In fact, incorrect or incomplete declarations are no longer eligible for the rectification period following a ministerial response dated 13 December 2023 [7]. Whereas the Court of Cassation ruled in a landmark judgment of 31 January 2006 (Bull. IV, No. 20) that the leniency measure provided for in the Ministerial Reply of 13 March 2000 is intended solely to regularise the situation of taxpayers who failed to submit Form No. 2746 due to a good-faith misunderstanding of the reporting obligation set out in subparagraphs (d) and (e) of paragraph 3 of Article 990 E of the General Tax Code. This leniency may be applied only once.

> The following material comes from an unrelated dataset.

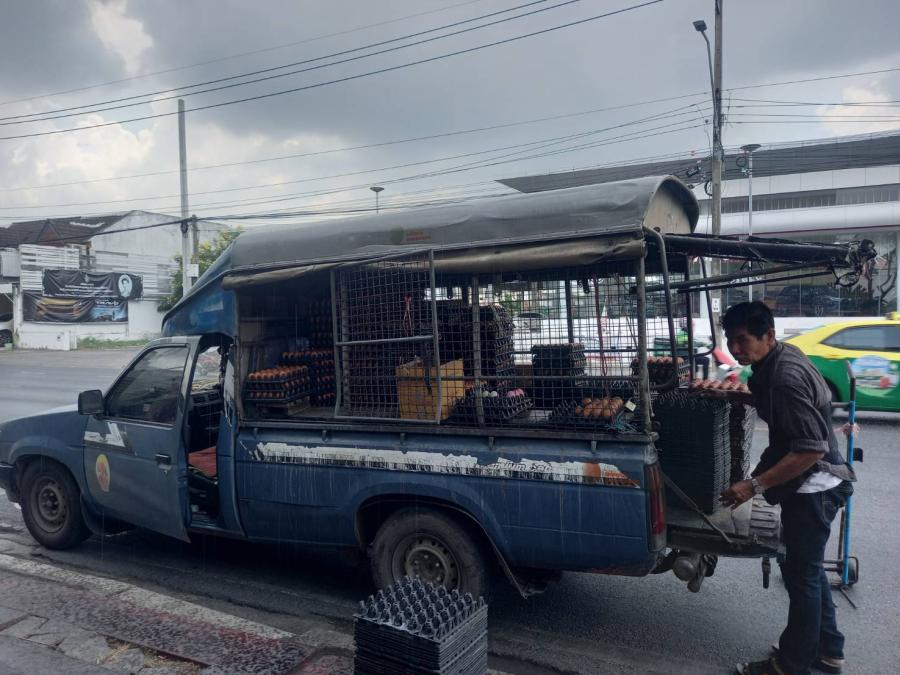 ”ราคาไข่คละหน้าฟาร์ม ได้ปรับขึ้นจาก 3.20 บาท เป็น 3.40 บาทต่อฟอง ส่วนราคาราคาขายปลีกนั้น ตนจะนำไปตามร้านค้าที่เป็นลูกค้าเจ้าประจำ หรือ จำหน่ายให้ลูกค้าปลีกทั่วไป โดยวิ่งรถขายไข่ไก่ต้นทาง วิ่งจาก อ.บ้านสร้าง จ.ปราจีนบุรี จำหน่ายตามรายทางเรื่อยไป เน้นเจ้าประจำคือตามร้านค้าที่รับซื้อประจำ และขายให้แก่ ลูกค้าทั่วไป หรือ บางวันที่ว่าง หลังส่งเจ้าประจำแล้ว จะแวะพักจอดขายตามตลาดนัดใหญ่ๆ บ้าง อีกทั้งยังวิ่งรถไปจำหน่ายไข่ไก่ตลาดหลัก ๆ ที่มาขายที่ จ.ปทุมธานี ”

It may come as a surprise, but failing to file a return is therefore sometimes more advantageous than filing an incorrect one. This results in a paradoxical situation where companies whose good faith is not in question but which have submitted incomplete or incorrect returns must pay the 3% tax, whilst companies that have never filed a return can regularise their position once, free of tax.
This is a little-known tax that should not be overlooked, as the tax authorities all too often take an overly strict approach to reporting errors, demanding payment of the 3% tax on the entire value of a taxpayer’s property portfolio as soon as an omission, or inaccuracy is detected in the submitted declarations, leaving the taxpayer exposed to a degree of subjectivity regarding the concept of inaccuracy.
Given the significant amount involved (3% per annum of the property’s gross value), it is essential for companies that own one or more properties in France to have a tax audit carried out and to ensure that form no. 2746-SD is submitted correctly by 15 May each year.
*Me Philippe Laurens is a member of the Luxembourg and Montpellier Bar; Nexus Conseils and Nexus Luxembourg
[1] Section 990 D of the General Tax Code.
[2] In order to be definitively adopted, the bill must now go before the Joint Committee and then the Constitutional Council.
[3] This requires prior registration with the French authorities in order to obtain a SIREN number.
[4] New Article 990 F of the General Tax Code.
[5] BOI-PAT-TPC, no. 370.
[6] Grasse Regional Court, 19 December 2025, Case No. 25/00176.
[7] Ministerial reply of 13 December 2022, Ms Alexandra Masson.